According to the Philippine Statistics Authority, there were 7.26 million persons employed in creative industries in 2023, which grew by 4 percent from 6.98 million persons in 2022.
The PSA, in its Philippine Creative Economy Satellite Accounts released last March 2024, said the country’s creative economy was valued at P1.72 trillion in 2023, contributing 7.1 percent to the gross domestic product.
Support needed
Malvar said the country’s creative industry should continue to be provided with financial support, empowered, encouraged, incentivized, innovated, and trained to thrive and be globally competitive, just like the success of South Korea’s creative industry.
“They have realized that their human capital is there, which made their creatives, especially film and performing arts, boom and globally recognized.

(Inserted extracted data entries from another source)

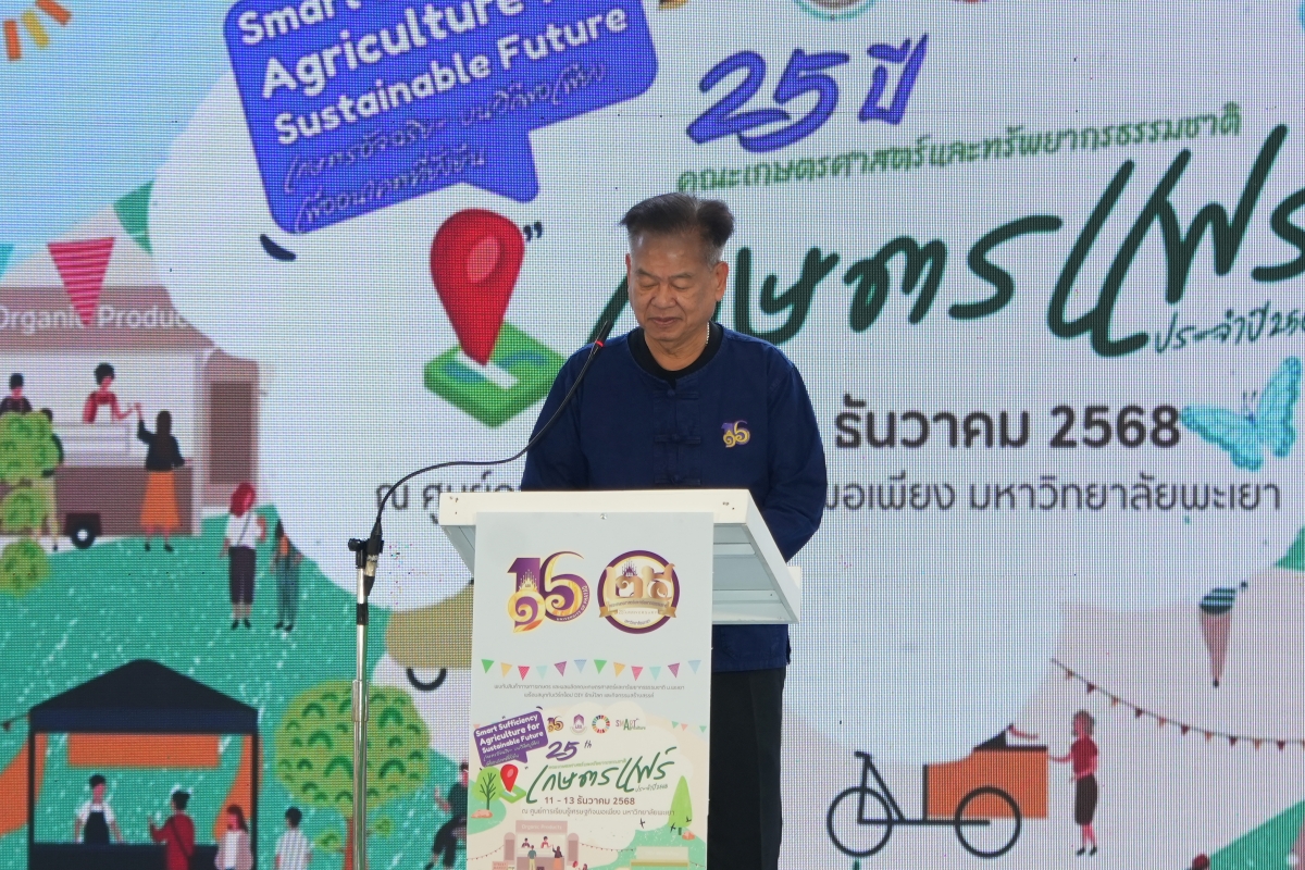 12 ธันวาคม 2568: มหาวิทยาลัยพะเยา เดินหน้ายกระดับเกษตรกรรมไทยสู่ความยั่งยืน จัดพิธีเปิดงาน “เกษตรแฟร์ 2568” อย่างยิ่งใหญ่ ณ ศูนย์การเรียนรู้เศรษฐกิจพอเพียง เพื่อเฉลิมฉลองวาระครบรอบ 25 ปี แห่งการก่อตั้งคณะเกษตรศาสตร์และทรัพยากรธรรมชาติ ชูแนวคิด “Smart Sufficiency Agriculture for Sustainable Future: เกษตรอัจฉริยะ บนวิถีพอเพียง เพื่ออนาคตที่ยั่งยืน”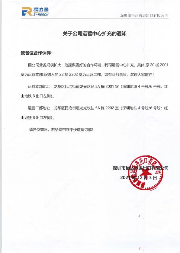 關(guān)于怡達(dá)通公司運營中心擴(kuò)充的通知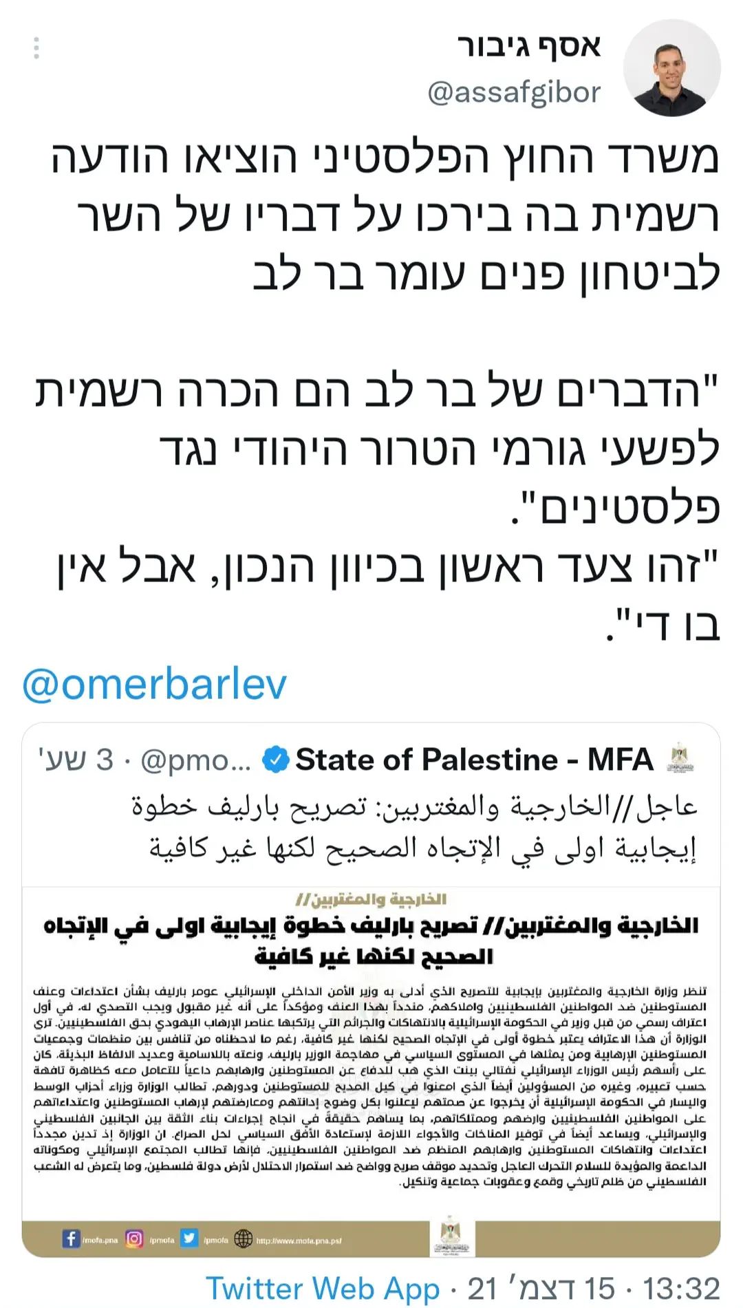 כעת אני חוזר למקום שבו אני השתלבתי בשרשור והוא הנזק התדמיתי שגרם בר לב למדינת ישראל. כאשר הרשות הפלסטינית מדבר על אלימות מתנחלים, וכאשר השר הממונה מדבר אף הוא עם בכירה בממשל ארה"ב על כך, יוצא מכך שקורה פיגוע רצחני אז מתייחסים לכך בעולם כמשהו לכל הפחות סימטרי, אם לא כתגובה לאלימות של המתנחלים. וזו בעיה חמורה.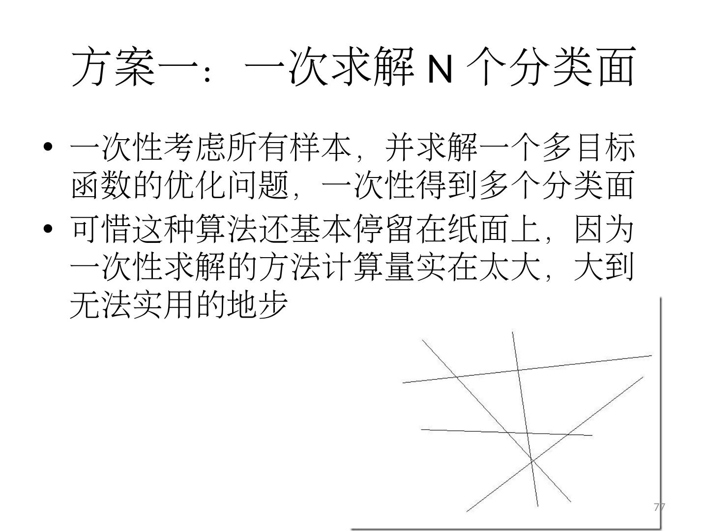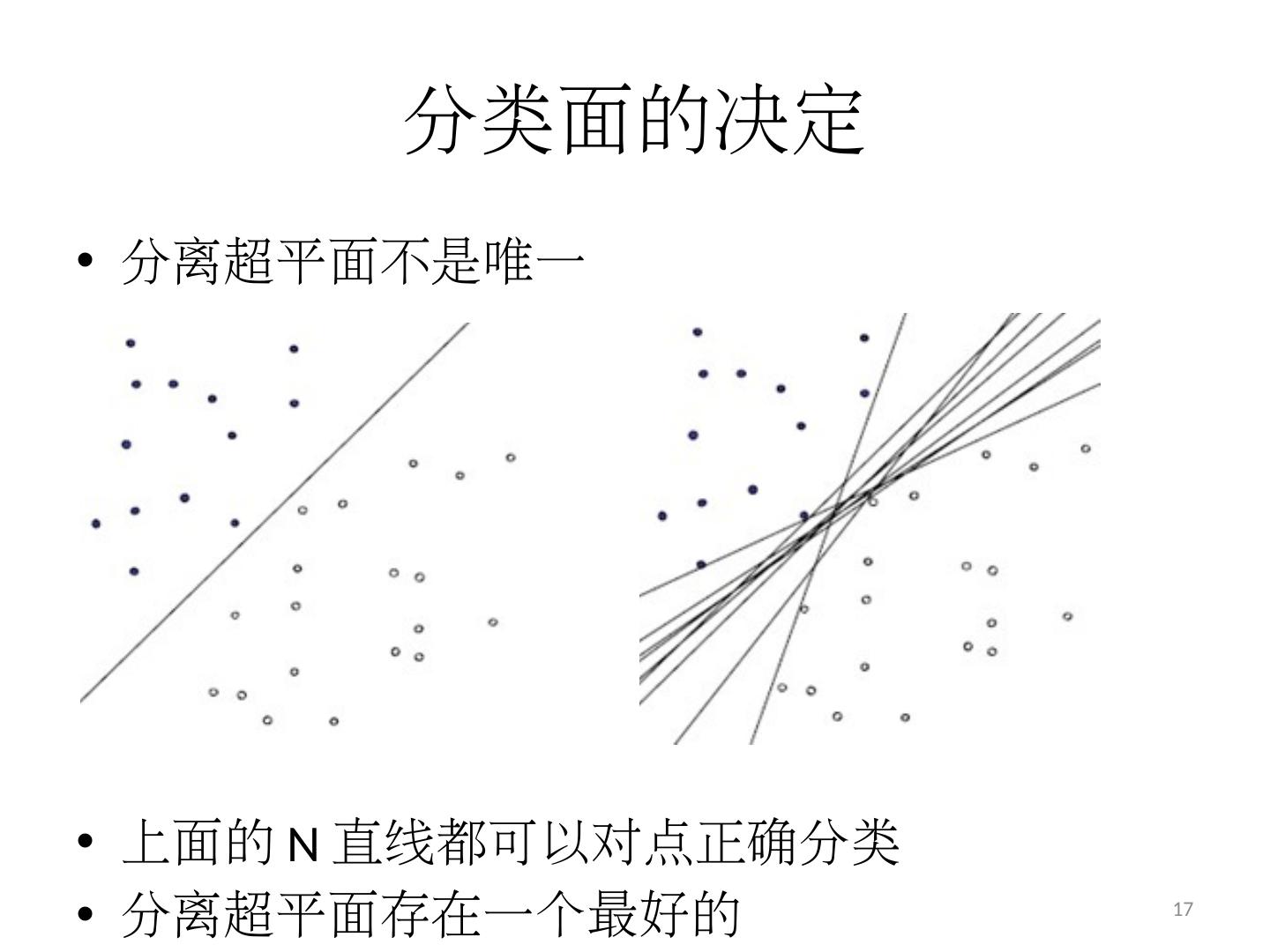 17 .分类面的决定 分离超平面不是 唯一 上面 的 N 直线 都可以对点正确 分类 分离超平面存在一个最好 的 17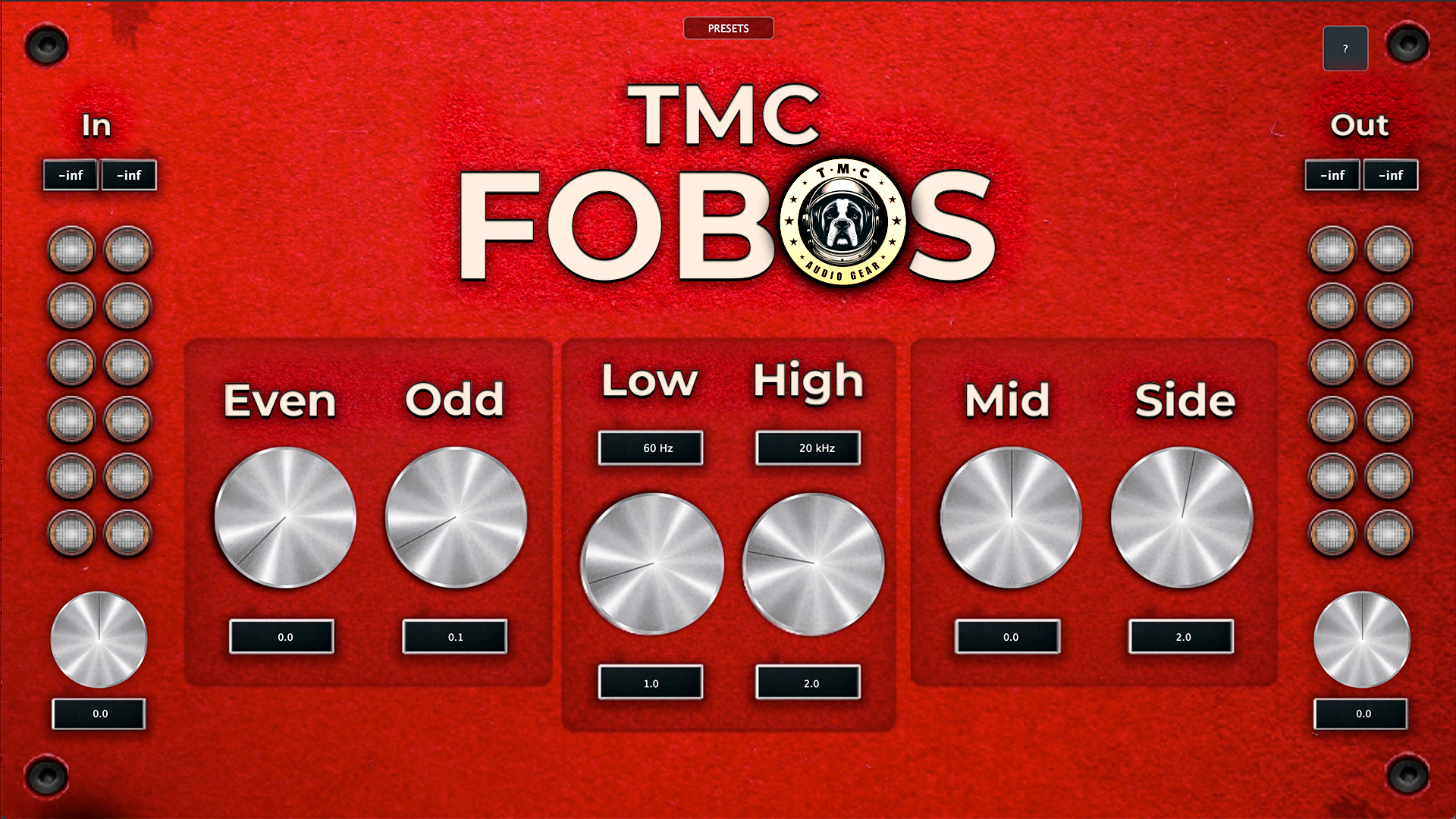 El principio de “menos es más”. TMC Fobos aporta exclusivamente el primer armónico par o el primer armónico impar. La Distorsión por Intermodulación (IMD) ocurre cuando dos o más frecuencias interactúan en un sistema no lineal, creando nuevas frecuencias que no están armónicamente relacionadas con la fundamental (sumas y restas de las originales). Al limitar la generación a un solo armónico, reduces drásticamente los “puntos de colisión” entre frecuencias, manteniendo la mezcla limpia y definida. Los primeros armónicos ($k=2$ para par, $k=3$ para impar) son los que definen el timbre percibido. Al eliminar los armónicos de orden superior (5º, 7º, 9º, etc.), evitas ese sonido “áspero” o “metálico” asociado a la distorsión digital barata.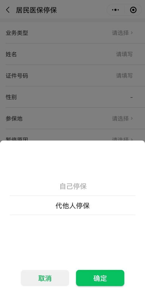 业务类型中,可选择“自己停保”或“代他人停保”。

It’s because the level of support is superb, making Korea’s film industry more extensive,” he underlined.
Despite this, Gabby recognized that the Philippines has so many excellent filmmakers who need support.
In 2019, the market size of the film industry in South Korea was valued at around $2.02 billion, which represents a slight decrease from the previous years.
A true-blooded Batangueno, Gabby graduated with Bachelor of Arts in Economics and Master of Science degrees at UP Diliman in 1990 and 1992.
He is a member of UP’s renowned Upsilon Sigma Phi fraternity.
As a documentary filmmaker, he has produced several documentaries, including short films for the National Geographic Channel, and passion films such as “Sulu” and “Tawi-Tawi.”
Right now, one of my big campaigns and advocacies is called “Know Your North,” with Victory Liner which we do several features about the Northern part of the Philippines. It’s about tourism, and heritage. We also feature living treasures, intangible heritage like brooms making, “basi” (wine), among others,” he said.
As a notable filmmaker, founder, and producer of The Extra Mile Productions, Malvar bagged the Gold Award for Sustainable and Responsible Tourism and the Silver Award for Tourism and Travel at the 2022 International Tourism Film Festival in Africa.
In 2021, he was bestowed the Dangal ng Batangan Award for Media Arts as a recognition of his contributions to the cultural development of Batangas.
Other notable short films that Gabby and his team produced include “Fields of Hope” which won the Best International Documentary Film Award at the Manhattan Film Festival in 2016; “On the Brink: Uncharted Waters” which bagged the Conservation Award at the San Francisco International Ocean Film Festival in 2016; “The Last Tattooed Women of Tanudan,” which garnered the Design Excellence Award by New York-based Filipino graphic designer Lucille Tenazas in 2018; “Palawan: The Last Bastion”, accorded Official Selection at the Wildlife Conservation Film Festival in 2021; and the “Know Your North Special” that won the Best Film on History and Heritage Award at the Croatia Tourism Film Festival in 2021.